Eshek had been half dozing in Ber’s embrace, feeling both quietly distressed, in some part of her mind that wasn’t sleepy and relaxed, and so comfortably warm. Already she was starting to come back to her senses, starting to realise just what a foolish idea this might have been - it wasn’t even an idea, they hadn’t been thinking - and beginning to feel the first twinges of regret, of constriction, of the need to run and laugh it off and dismiss it for both their sakes. Near the end of it, she’d found herself almost crying, though she still couldn’t quite understand the feelings behind the tears that had almost spilled.
But she was also happy. Despite the small, sensible part of her warning that there would be consequences for this, that it had been a mistake, in that moment, she just wanted to let Bermondsey’s purr rumble through her and wrap around her heart. In that moment, whether it was friendship grown impossibly close, taken to new heights that still felt just like an inevitable, stable continuation of the old one, or something more, she loved him. Eshek’s breathing was soft and steady, her body relaxed beyond anything she’d ever known and melted into Bermondsey’s. When he spoke, asking her such a careful question in the most caring voice she’d heard him use, Esh stirred and let out a quiet hum, half opening her eyes.

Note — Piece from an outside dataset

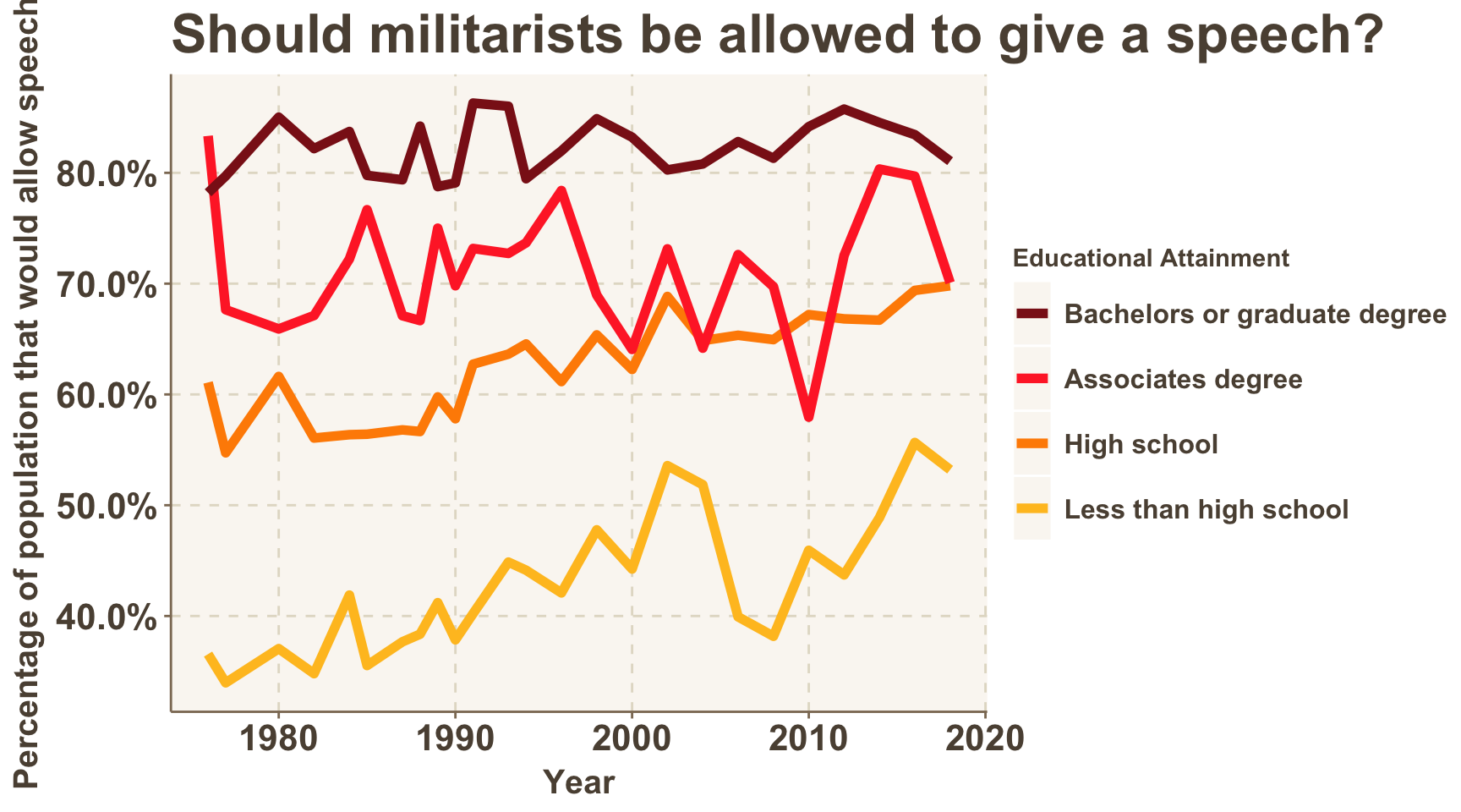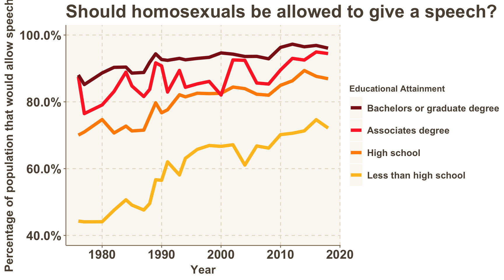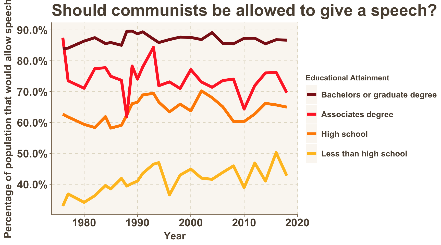 The percentage of survey respondents in favor of allowing different types of speakers appear to be as high as ever. There is a key exception: speakers who are considered racist.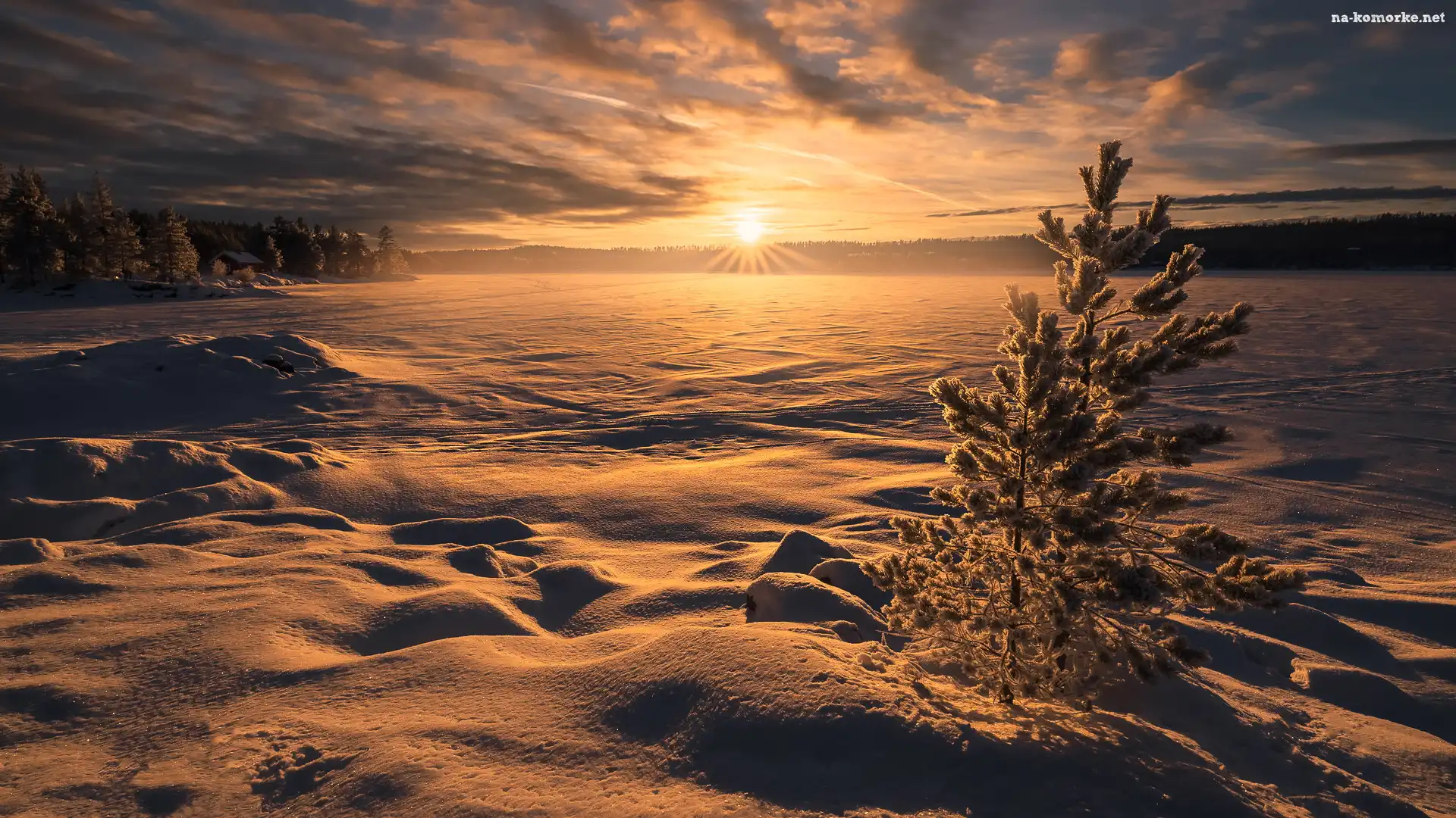 Zima, Ringerike, Norwegia, Zachód słońca, Zaśnieżone, Jezioro, Drzewa na Komórkę

The moon was washing the roof a muted silver, turning Ber’s grey fur ghostly pale and making her own glow. Everything felt misty, like they were the only two creatures in the world. She absently played with Ber’s forepaws as she answered, the gesture so silently intimate. So simple. Funk had never asked her that question. “Yeah,” she replied quietly, voice that kind of husky that came from the edge of sleep. She turned her head against the roof to look at him, her eyes heavy and all her defences down. Earnest. There was care in her voice, too. “Are you?”